Reperforming the Higgs analysis using Kubernetes.
This tool helps with the submission and management of the Higgs Analysis against any existing Kubernetes cluster. It relies on the Higgs dataset being accessible either in a S3 or GCS bucket.
The CMS Higgs dataset is available as open data, and has 70TB over 26920 files.
It is expected that it is made available in the same cloud provider you plan to run the computation - S3 or GCS are supported.
If you look into the config
directory you can find a few examples of demo
configuration files. It offers enough flexibility to scale the demo and to
split the submission across multiple clusters if needed.

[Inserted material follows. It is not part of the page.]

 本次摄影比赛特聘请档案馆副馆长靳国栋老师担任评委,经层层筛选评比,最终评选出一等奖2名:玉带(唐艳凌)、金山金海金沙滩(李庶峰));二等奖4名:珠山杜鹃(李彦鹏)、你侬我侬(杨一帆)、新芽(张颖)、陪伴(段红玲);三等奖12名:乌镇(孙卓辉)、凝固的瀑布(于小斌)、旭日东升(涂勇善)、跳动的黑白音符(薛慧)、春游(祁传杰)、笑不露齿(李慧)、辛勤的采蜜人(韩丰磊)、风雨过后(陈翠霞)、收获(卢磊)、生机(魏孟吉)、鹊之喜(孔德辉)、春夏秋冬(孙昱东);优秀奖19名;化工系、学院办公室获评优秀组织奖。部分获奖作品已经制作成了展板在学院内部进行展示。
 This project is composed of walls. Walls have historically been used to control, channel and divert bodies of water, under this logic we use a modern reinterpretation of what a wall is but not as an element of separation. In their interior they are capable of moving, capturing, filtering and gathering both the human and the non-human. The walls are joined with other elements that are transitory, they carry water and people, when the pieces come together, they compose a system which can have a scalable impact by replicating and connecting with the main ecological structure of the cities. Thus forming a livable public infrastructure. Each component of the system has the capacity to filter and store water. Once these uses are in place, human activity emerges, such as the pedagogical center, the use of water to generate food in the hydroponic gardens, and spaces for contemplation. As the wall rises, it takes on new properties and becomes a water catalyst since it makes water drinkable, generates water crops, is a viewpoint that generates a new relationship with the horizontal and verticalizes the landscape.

Each JSON entry in the list includes the information for a corresponding
cluster named kubecon-demo-$i
, where $i
is the list index. The remaining
fields include the node flavor to be used, the number of cluster nodes, and the
path to use for the stage-in data (/dev/shm for shared memory, which is the
recommended setup).
The higgsdemo
command line offers the following functionality.
clusters-create
will create one cluster per list entry in the config file,
matching the given flavor and number of nodes. Clusters will be named
kubecon-demo-$i
, where $i
is the list index in the config.
This is mostly useful where splitting the submission across multiple clusters is required.
This is useful to speed up the actual demo, and makes sure the docker image is available in advance on every cluster node.

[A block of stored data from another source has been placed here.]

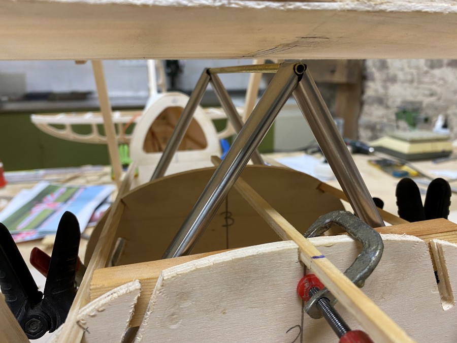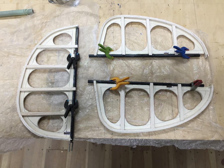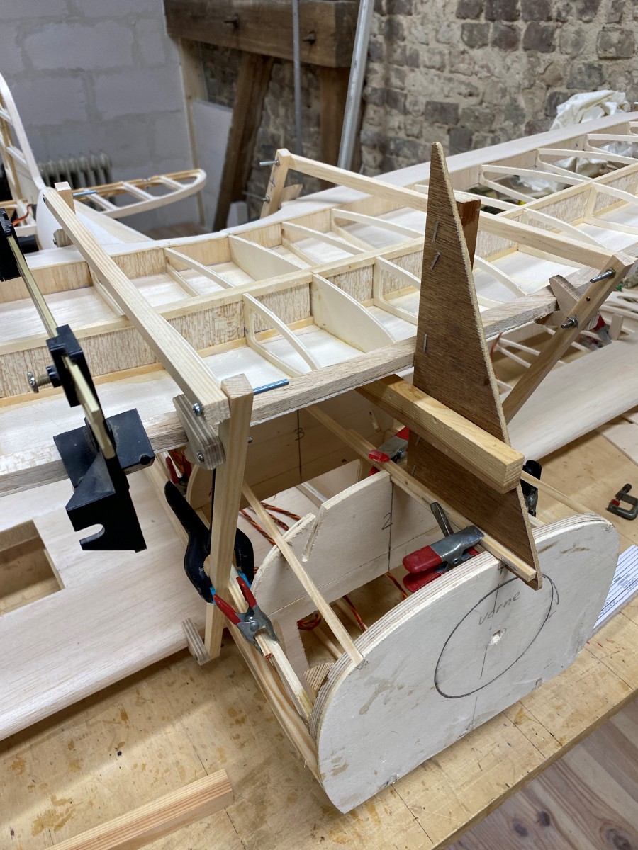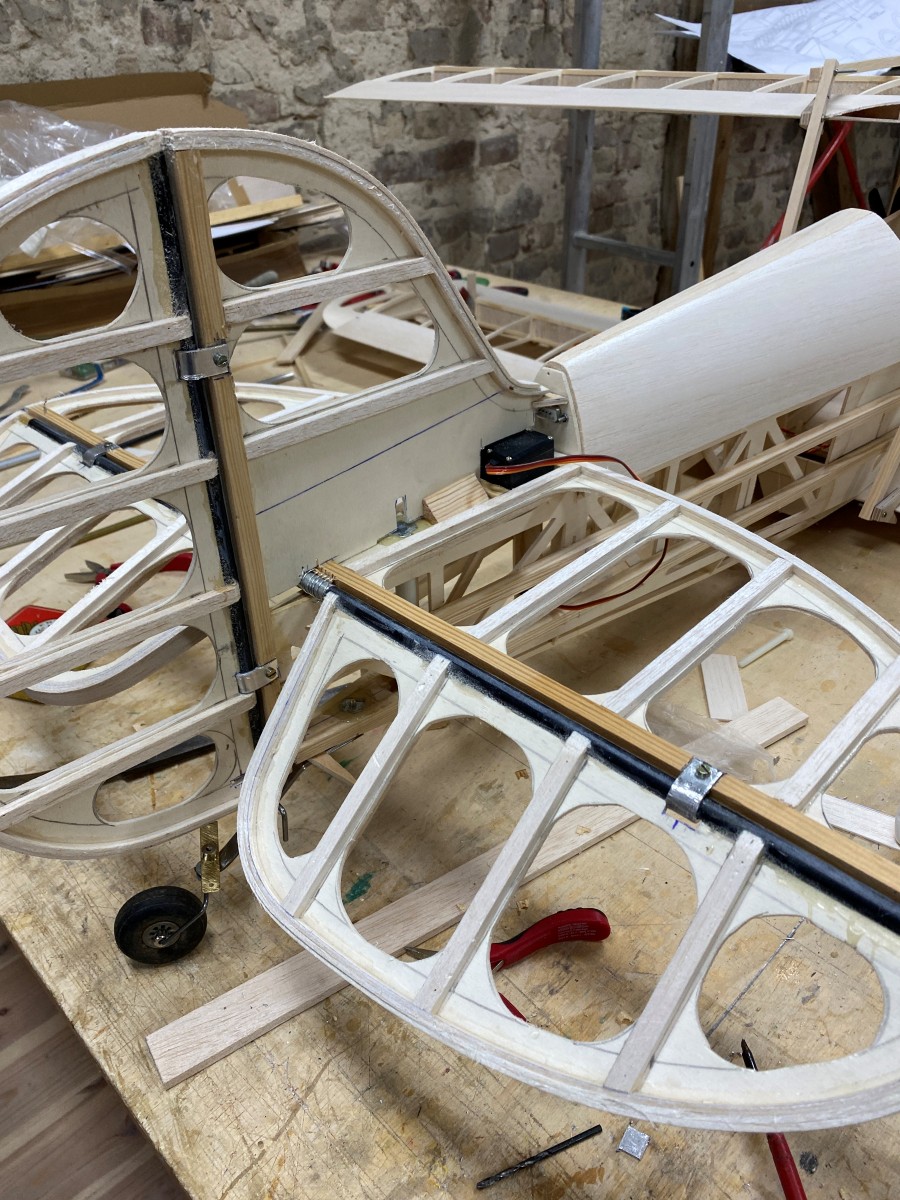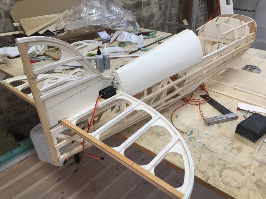 Der Rumpfrücken des Hecks ist beplankt, ebenso die Oberseite der unteren Fläche.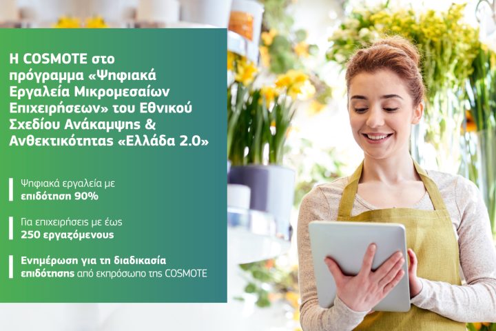 Η COSMOTE συμμετέχει στο πρόγραμμα «Ψηφιακά Εργαλεία Μικρομεσαίων Επιχειρήσεων»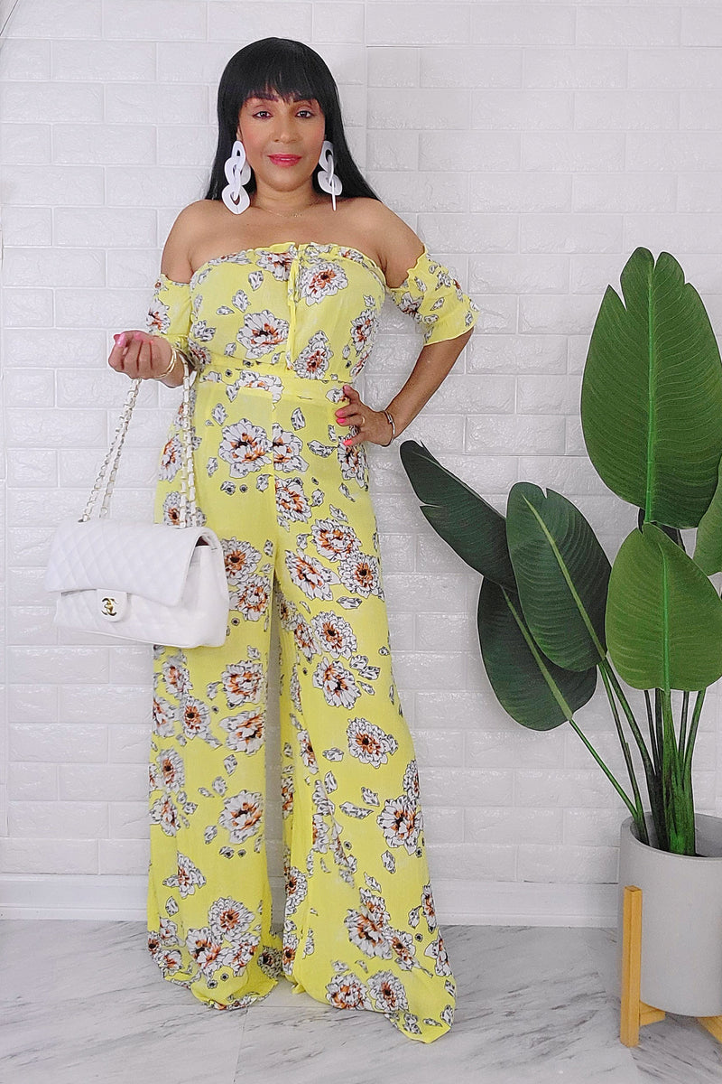 042324 Yellow Spring Flowers Print Lastite High Waist Pants Set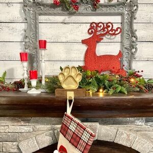 PET Gold paw w/ wood base hook leash holder or for Christmas stocking

higgsdemo prepare --dataset-mapping config/demo-highmem-minimal.json
Here's an example submission for a scaled down analysis:
higgsdemo submit --dataset-mapping config/demo-highmem-minimal.json --access-key ... --secret-key ... --redis-host ...
The dataset-mapping should point to one of the config files. It will spawn a set of parallel processes (one per cluster) doing the submission. The remaining params are the access and secret keys to either S3 or GCS.
To check the evolution of the computation you can trigger a watch in a specific cluster:
higgsdemo watch --cluster kubecon-demo-0
{'pods': {'Running': 48, 'total': 56, 'Succeeded': 8}, 'jobs': {'total': 56, 'succeeded': 8}}
...
To reperform the computation in an existing cluster, a cleanup is required:
higgsdemo cleanup --cluster kubecon-demo-0
higgsdemo clusters-create --dataset-mapping config/demo-high-mem.json
for i in 0 1 2 3 4 5 6 7 8 9; do gcloud container clusters get-credentials --region europe-west4 kubecon-demo-$i; done
higgsdemo prepare --dataset-mapping config/demo-high-mem.json
# monitor prepull progress in a single cluster
kubectl --context ... -n prepull get po
higgsdemo submit --access-key ... --secret-key ... --dataset-mapping config/demo-high-mem.json
virtualenv .venv
. .venv/bin/activate
pip install -r requirements
python setup.py install